We propose a novel non-parametric adaptive outlier detection algorithm, called LPE, for high dimensional data based on score functions derived from nearest neighbor graphs on n-point nominal data. Outliers are predicted whenever the score of a test sample falls below α, which is supposed to be the desired false alarm level. The resulting outlier detector is shown to be asymptotically optimal in that it is uniformly most powerful for the specified false alarm level, α, for the case when the density associated with the outliers is a mixture of the nominal and a known density. Our algorithm is computationally efficient, being linear in dimension and quadratic in data size. The whole empirical Receiving Operating Characteristics (ROC) curve can be derived with almost no additional cost based on the estimated score function. It does not require choosing complicated tuning parameters or function approximation classes and it can adapt to local structure such as local change in dimensionality by incorporating the technique of manifold learning. We demonstrate the algorithm on both artificial and real data sets in high dimensional feature spaces.

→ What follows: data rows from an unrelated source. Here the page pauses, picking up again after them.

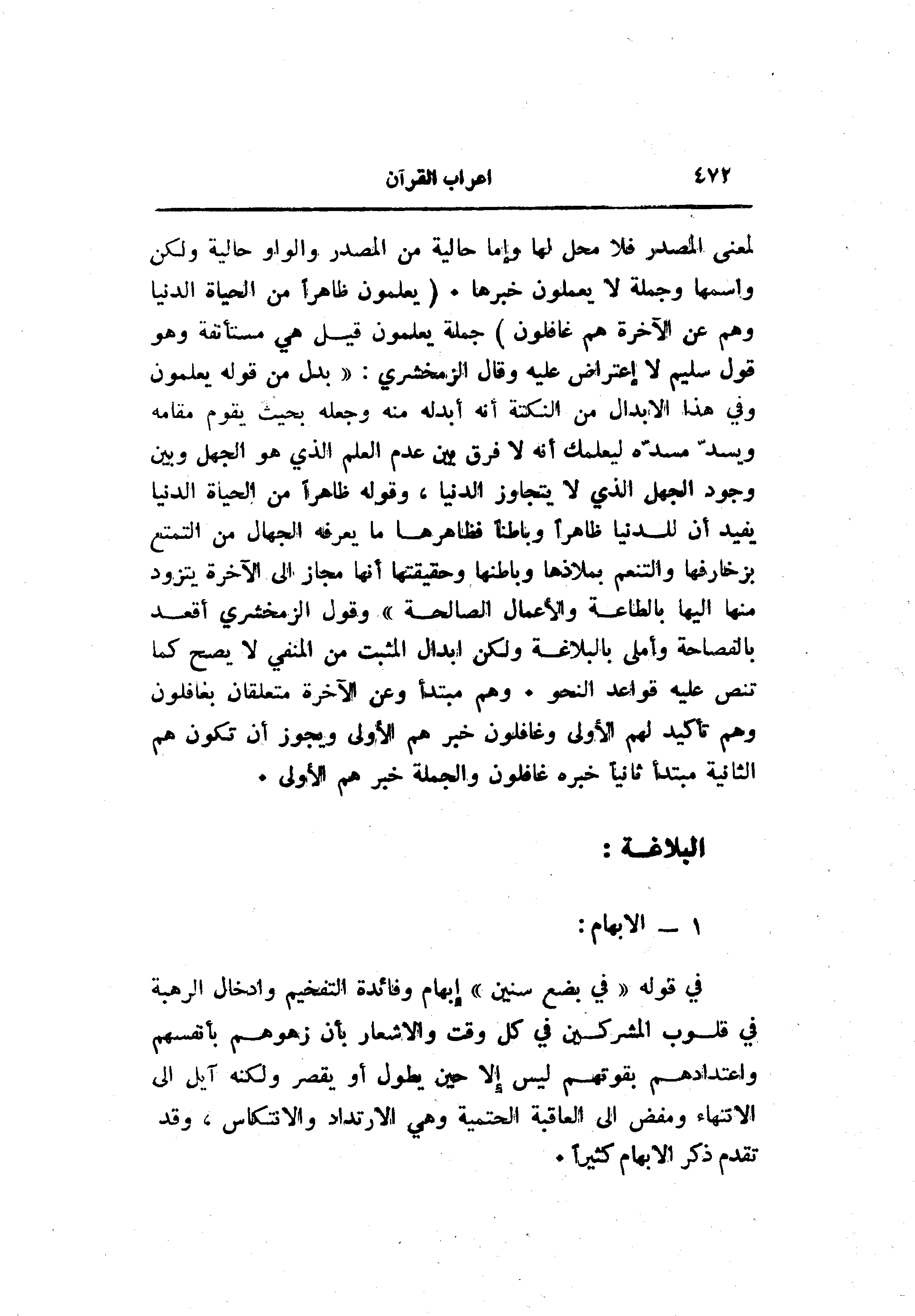 لمعنى المصدر فلا محل لها وإما حالية من المصدر والواو حالية ولكن واسمها وجملة لا يعملون خبرها. (يَعْلَمُونَ ظاهِراً مِنَ الْحَياةِ الدُّنْيا وَهُمْ عَنِ الْآخِرَةِ هُمْ غافِلُونَ) جملة يعلمون قيل هي مستأنفة وهو قول سليم لا اعتراض عليه وقال الزمخشري: «بدل من قوله يعلمون وفي هذا الابدال من النكتة أنه أبدله منه وجعله بحيث يقوم مقامه ويسدّ مسدّه ليعلمك أنه لا فرق بين عدم العلم الذي هو الجهل وبين وجود الجهل الذي لا يتجاوز الدنيا، وقوله ظاهرا من الحياة الدنيا يفيد أن للدنيا ظاهرا وباطنا فظاهرها ما يعرفه الجهال من التمتع بزخارفها والتنعم بملاذها وباطنها وحقيقتها أنها مجاز الى الآخرة يتزود منها إليها بالطاعة والأعمال الصالحة» وقول الزمخشري أقعد بالفصاحة وأملى بالبلاغة ولكن ابدال المثبت من المنفي لا يصح كما تنص عليه قواعد النحو. وهم مبتدأ وعن الآخرة متعلقان بغافلون وهم تأكيد لهم الأولى وغافلون خبرهم الأولى ويجوز أن تكون هم الثانية مبتدأ ثانيا خبره غافلون والجملة خبر هم الأولى.
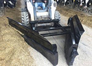 Mensch scrapers have a universal bucket attachment and come in stationary, rotating, and V-blade designs. Stationary blades are available in 6 ft., 6 in. and 7 ft., 11 in. widths. The 7-ft., 5-in. rotating blade moves feed to the left or right and is available in hydraulic or manual models. The V-blade has a 7 ft., 11 in. width. They range in price from $3,735 for the stationary blade to $4,350 for the V-blade.
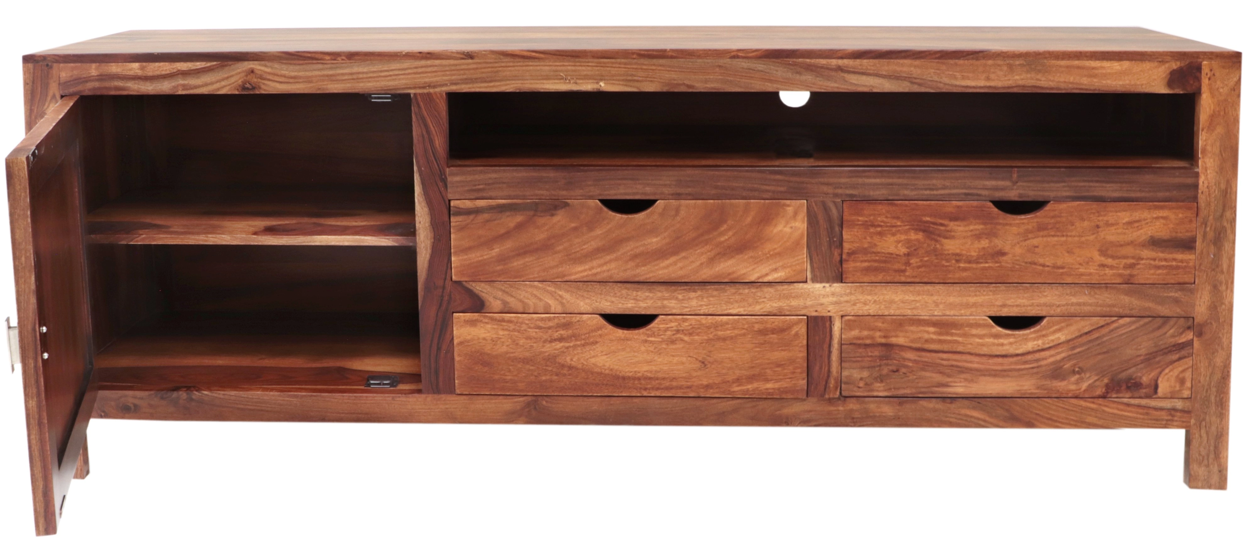 TV stolek z masivu nabízí nejen stylový vzhled, ale také praktické uspořádání. Je vybaven poličkou na elektroniku o šířce 109,5 cm a výšce 12,5 cm, která je ideální pro umístění herních konzolí, set-top boxů nebo DVD přehrávačů. Prostorné, čtyři šuplíky poskytují dostatek úložného místa, přičemž jejich vnitřní rozměry jsou 48,5 cm na šířku a 13,5 cm na výšku, zatímco vnější rozměry činí 52,5 cm na šířku a 15,5 cm na výšku. Kromě toho je stolek vybaven jednou skříňkou, kde můžete schovat další doplňky nebo příslušenství.
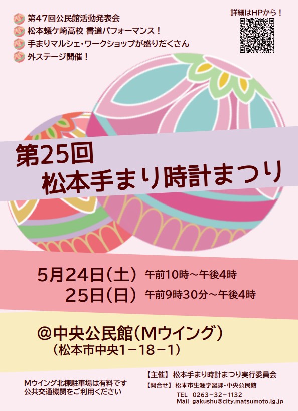 - 5/24(土)-25(日) 松本手まり時計まつり@松本市Mウィング・伊勢町通り

Compressed sensing of autoregressive processes

Suppose the signal x ∈ Rn is realized by driving a d-sparse signal z ∈ Rn through an arbitrary unknown stable discrete-linear time invariant system H, namely, x(t) = (h * z)(t), where h(·) is the impulse response of the operator H. Is x(·) compressible in the conventional sense of compressed sensing? Namely, can x(t) be reconstructed from sparse set of measurements. For the case when the unknown system H is auto-regressive (i.e. all pole) of a known order it turns out that x can indeed be reconstructed from O(k log(n)) measurements. The main idea is to pass x through a linear time invariant system G and collect O(k log(n)) sequential measurements. The filter G is chosen suitably, namely, its associated Toeplitz matrix satisfies the RIP property. We develop a novel LP optimization algorithm and show that both the unknown filter H and the sparse input z can be reliably estimated. These types of processes arise naturally in Reflection Seismology.

Noisy filtered sparse processes: Reconstruction and compression

In this paper we consider estimation and compression of filtered sparse processes. Specifically, the filtered sparse process is a signal x ∈ ℝn obtained by driving a k-sparse signal u ∈ ℝn through an arbitrary unknown stable discrete-linear time invariant system H of a known order. The signal x(t) is measured noisily. We consider estimation of x(t) from noisy measurements. We also consider compression of x(t) by means of random projections analogous to compressed sensing. For different cases including AR and MA systems we show that x can indeed be reconstructed from O(k log(n)) measurements. We develop a novel LP optimization algorithm and show that both the unknown filter H and the sparse input u can be reliably estimated.